Yesterday, in an effort to bring fresh produce to a city without much of it, the Camden Children’s Garden launched a mobile produce market. An AP headline refers to it as a “combination of a bookmobile and an ice cream truck,” but they probably don’t know how right they are. One of the chapters of my manuscript is about “booketerias” (self-service mini-library branches in supermarkets in the mid- to late-twentieth century), and in particular about how they participated in the decay of public infrastructures for educating (and feeding) a diverse population.
Several years ago, I wrote a brief essay for HASTAC, which I then reposted here to bookmobility.org about booketerias and a modern reversal, which uses libraries and mobile technology to bring food into food deserts. The Camden mobile market is yet another example, so I’ll print that essay here, to raise some questions and ideas:
From Booketerias to Virtual Supermarkets: Libraries & Our Public Landscape
Last week, NPR ran a story about a new program in Baltimore that uses public libraries to combat the problem of access to healthy foods in urban environments:
“Under a new city program, patrons can order groceries online and pay with cash, credit or food stamps. The orders are filled by Santoni’s supermarket, a longtime Baltimore grocer. They deliver the items to the library the next day.
…
The Virtual Supermarket Project is part of a city push to make healthy food more accessible in communities where major supermarkets are scarce. Baltimore’s health department launched it last month at two of the city’s public library branches. They’re located on opposite ends of town: one neighborhood is mostly African-American and working-class, the other racially and economically mixed.

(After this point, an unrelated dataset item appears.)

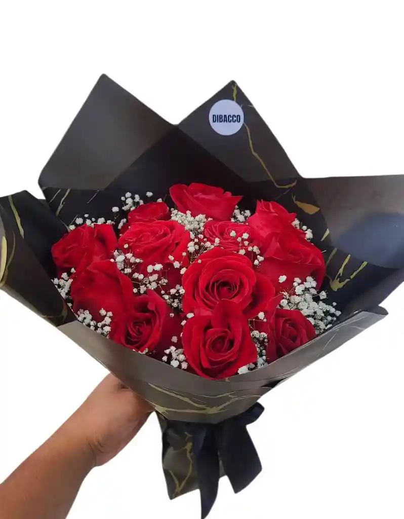 Contiene 12 rosas sojas Follaje blanco Decoracion Ramo de San Valentín Ramo de feliz día San Valentín Arreglo de mujer Ramo para mujer

These areas lack large, competitively priced supermarkets within walking distance sometimes called ‘food deserts.’ Both communities have plenty of fast-food and corner stores, but many tend to offer less healthy fare.”
I am working on a dissertation project about bookmobiles and library extension in American culture, so this immediately caught my eye.
In fact, it reminded me in a curious sort of way of an earlier program I’d run across in the archives last summer. In 1947, the Nashville Public Library first proposed what they called a bookateria. The plan,” one newspaper article put it, “would be to have the books within easy reach of customers and let them have their favorite novels, mystery stories or biographies checked out with their groceries.
In 1953, the library finally put the idea into practice. The bookaterias, in strategically placed supermarkets around town, ended up taking shape as self-service branch libraries (you filled out a card with your information, and the book’s, and dropped it in a box on your way out of the store).
As you can see in the photo, buying produce and checking out a book are made into parallel experiences. Self-service was the hallmark of the supermarket, in contrast to the full-service general store of the past, just as it distinguished the modern library (and, of course, especially the bookateria) from closed-stacks models that had characterized many earlier models of librarianship.
Like the bookmobile, the bookateria tied library extension to an icon of America’s burgeoning consumer culture (automobiles and supermarkets, respectively) and also allied library use with the independence and autonomy associated with it. But such autonomy has often been a mirage. As John Urry has pointed out, the rise of the automobile and the concomitant decline of public transportation has granted car-owners immense flexibility—but it is “coerced flexibility.” The fantasy that we can go anywhere, at any time, has crushed many alternatives, and that has often meant the decay of urban centers and the infrastructures of the “walking city.” The emergence of supermarkets, which tend to assume automobility in their location and architecture, was closely related to the centrifugal force of suburbanization that was accelerated by the automobile.
The food desert has been one of the consequences of the rise of automobiles and supermarkets, with corporations putting profits first and with car-ownership assumed and then built into the environment of our cities. People who are not profitable, and who cannot travel the new infrastructures, get left out.
The Baltimore program and proposals like it actually—and admirably—reverse that dynamic, thus use the expansive public-ness of the public library to try to alleviate the pain of living in the gaps and fissures of capitalist circulation and consumption. (See this blog post for a post about the possibility of using bookmobiles to do similar work in a different sort of urban environment.)
They are thus a reassertion of libraries role in supporting public landscapes in the face of capitalist indifference and what Raymond Williams called “mobile privatisation.” They are also, in their ways, challenges to the possibility of total digitization in librarianship and therefore are claims for the continued physical presence of public libraries in our cities.
Indeed, even more than institutions devoted to the circulation of information, libraries at their finest are institutions that build and maintain communities. And communities are built of more than simply abstract information or social networking; they are made of people with material needs.
And the Virtual Supermarket Project stands as evidence that libraries—in their increasingly characteristic synergy of digital technology and bricks-and-mortar—can fulfill both intellectual and phsyical needs and thus help build communities that are healthy in all senses of the word.